Don’t rely on Legacy Formats

I put forward that relying on legacy formats, one of which was defined in 1960’s, can be described using many words other than those that define intelligent or optimize. During the 1980 and 90’s PCB CAM for fabrication what they had to offer was an optimization step and it was at that time.  PCB CAM eliminated the use of physical artwork when transferring a PCB design into manufacturing and instead initially transferred the before mentioned fabrication files on magnetic tape that were then reverse engineer which led the optimization of production ready PCB artwork.  That in of itself was an accomplishment.  The exchange was simple and based on established formats that were already used by the OEM’s generated the PCB layer artwork series that the PCB fabricators. This process shifted right the responsibility of the artwork production to the PCB fabricator where optimization methods could be applied digitally while preparing for production, which was the intent of PCB CAM.
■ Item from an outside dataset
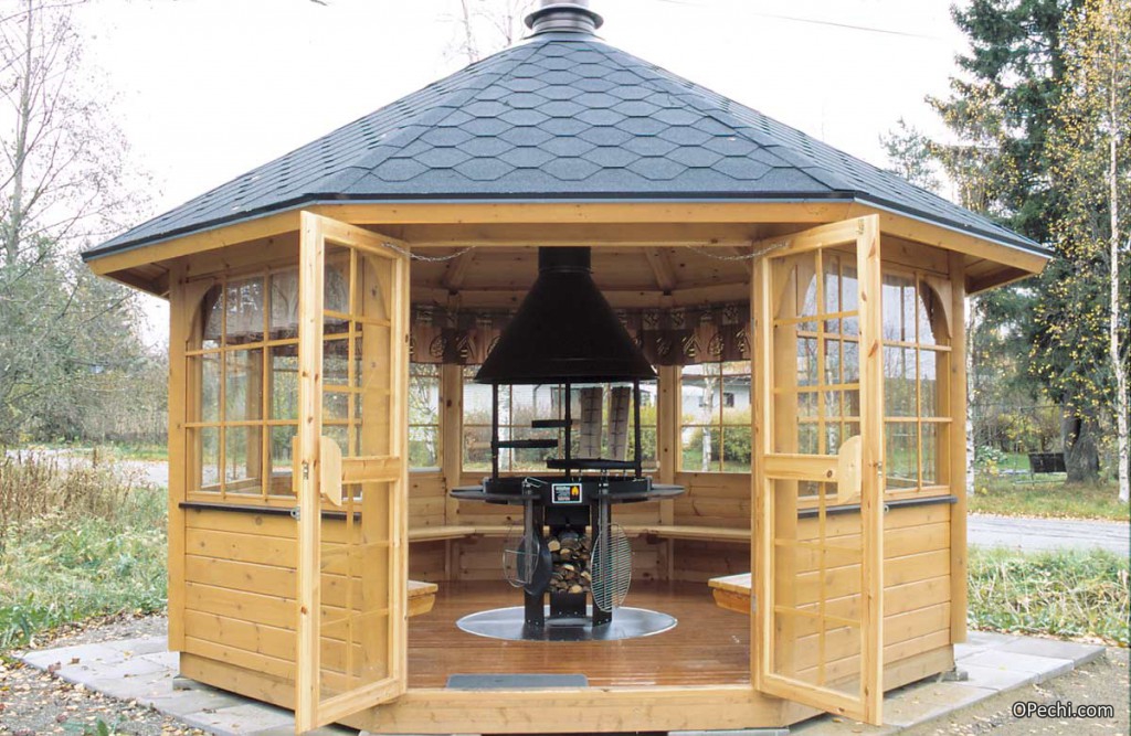 Grillovnen er bare egnet for utendørs lysthus, ligger i sentrum og inntar en del av plassen. En allment tilgjengelig metode, siden du kan lage en ovn selv. Det er lett å finne retter som tilberedes på grillen: den inkluderer kjøtt, fisk, grønnsaker. En peis er et anerkjent element av komfort. Det trengs for å skape en vennlige omgivelser inne i rommet og helårsvarme. Det er innglassede kombinert arbors med grill og komfyr.

Since then, there has been improvements to legacy formats.  Gerber 274D gave way to Gerber 274X, which today remains the leading means to digitally exchange a design into fabrication.  There were a couple of industry standard led attempts to address this need.  For example, IPC-350 was a single file solution with a character position requirement making it difficult to support. This also made the file very large and with one character out of position the entire design failed to transfer. Valor introduced ODB++ which already had fabrication and assembly applications support production starting back in the late 1990’s.  ODB++ approached the transfer differently by placing the intelligent data in smaller files stored in organized directories where only the required content needed to be accessed.  The latest direction is IPC-2581 which is another industry led standard supporting a single file approach, but this time structured using an XML schema.  This again results in single large file where if the structure of the data is not just right the entire design would fail to transfer.  What the use of Gerber 274X to this day has led me to conclude that no matter what format the industry effort collaborates on, it will ultimately be a solution provider that provide enough value to warrant the change.  This is why Gerber 274X was so quickly accepted, followed by the elevated interested in ODB++, both of which we provided by solution provided, and is why IPC-2581 struggles to replicate the relative success of both formats.

The future of DFM formats

The next method of introducing of design into manufacturing will not be based on files.  The EDA solutions could use legacy CAM, ODB++ or IPC-2581 or utilize a cloud-based interface that provides a means to place the design into data structures designed to perform this task.  Some may argue that such a solution is simply replacing a format and while true, and structures will be well defined, and validation of data exchange will occur during the transfer rather than waiting later to be discovered when a user attempts to use the manufacturing files.  This represents the next step in optimizing the digital transformation which began with physical PCB artwork, to legacy CAM files, to the industry’s attempt to improve upon the current thinking, and to now thinking different where the entire exchange process is truly all digital.  That will be the next means of a PCB DFM checklist at it’s very best.  This is just one part of my vision on where the PCB fabrication and assembly design to manufacturing needs to be prepared to be.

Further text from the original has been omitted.